Publication date: May 09, 2019
Numerous single nucleotide polymorphisms (SNPs) have been implicated with cutaneous melanoma (CM) Objective: The aim of our study was to establish novel susceptibility loci for CM by assessing candidate genes in a published meta-analysis of 11 genome-wide association studies (GWASs).
760 variants were retrieved from the MelGene database and tested for association in a meta-analysis of 11 GWASs consisting of 12,874 CM cases and 23,303 controls of European ancestry. We calculated a false discovery rate and variants that surpassed this p-value threshold were genotyped in three independent replication samples from UK, Greece and Cyprus. We excluded variants robustly associated with CM or in linkage disequilibrium with already known loci. The results from the GWASs and replication stages were synthesized in a meta-analysis.

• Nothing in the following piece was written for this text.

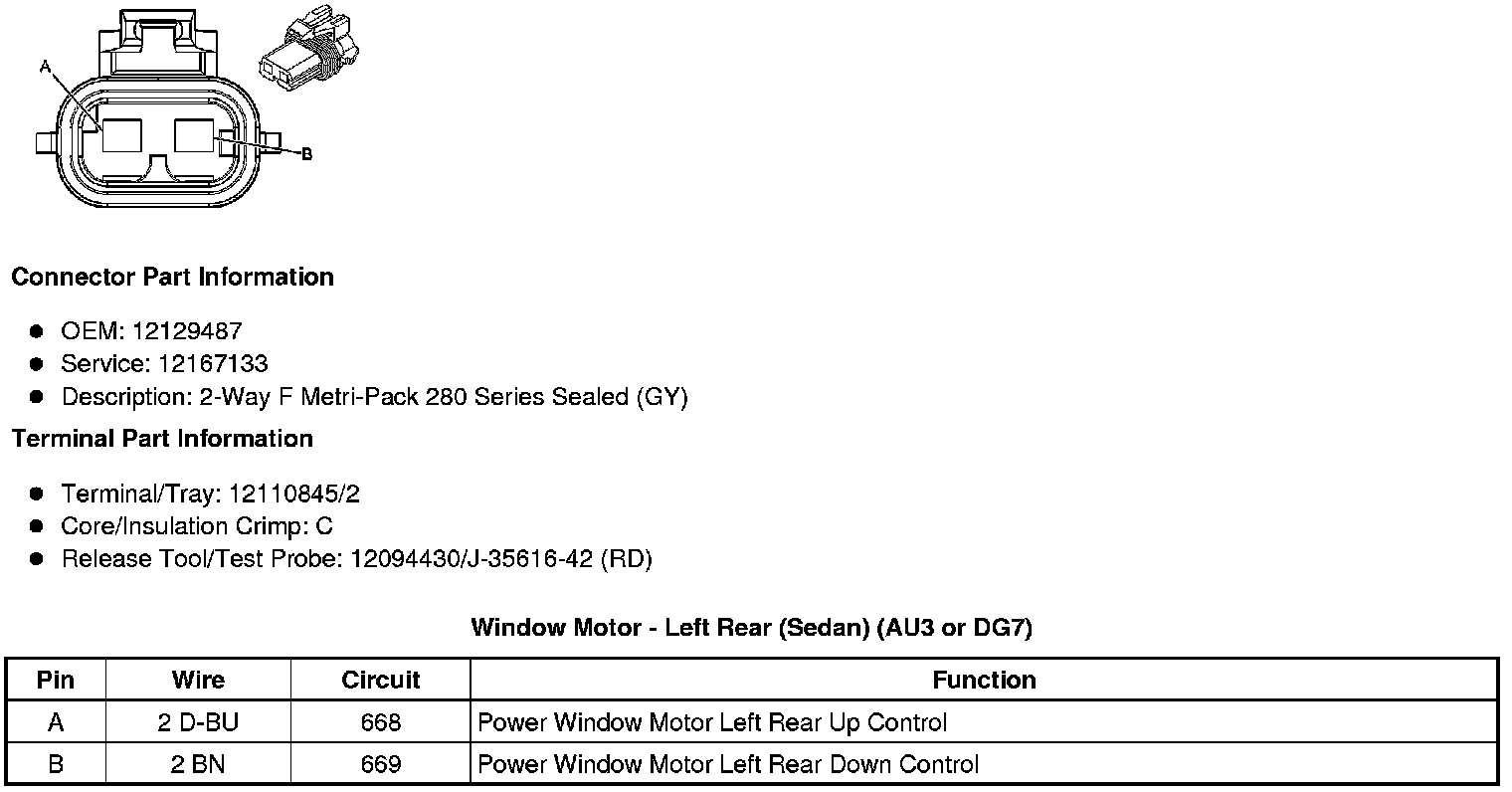 Window Motor - Left Rear (Sedan) (AU3 or DG7)

Based on our approach, the rs909253 polymorphism in the LTA gene (Lymphotoxin Alpha) was followed up for further consideration. The meta-analysis of the 11 GWAS indicated a protective effect for the G allele on the risk of CM (OR: 0.921, p-value: 2.7×10-5). However, the estimates from the three replication samples were not statistically significant. The combined meta-analysis of 3,660 CM cases and 350,915 cancer-free controls provided a similar OR (0.935, p-value: 1.95×10-5); very large studies in the future will be required to determine if this SNP is a genuine melanoma risk SNP.
By assessing over 16,000 CM cases, none of the published candidate genes tested for association with CM were significant in our study. Interest should be shifted to larger GWAS. This article is protected by copyright. All rights reserved.
Ntritsos, G., Dimou, N., Kypreou, K., , Stefanaki, Loizidou, M.A., Hadjisavvas, A., Kyriacou, K., Consortium, Melanoma Meta-Analysis., MacGregor, S., Law, M.H., Iles, M.M., Stratigos, A.J., and Evangelou, E. Assessment of melanoma candidate genes in a meta-analysis of 16,534 melanoma cases. 22576. 2019 J Eur Acad Dermatol Venereol.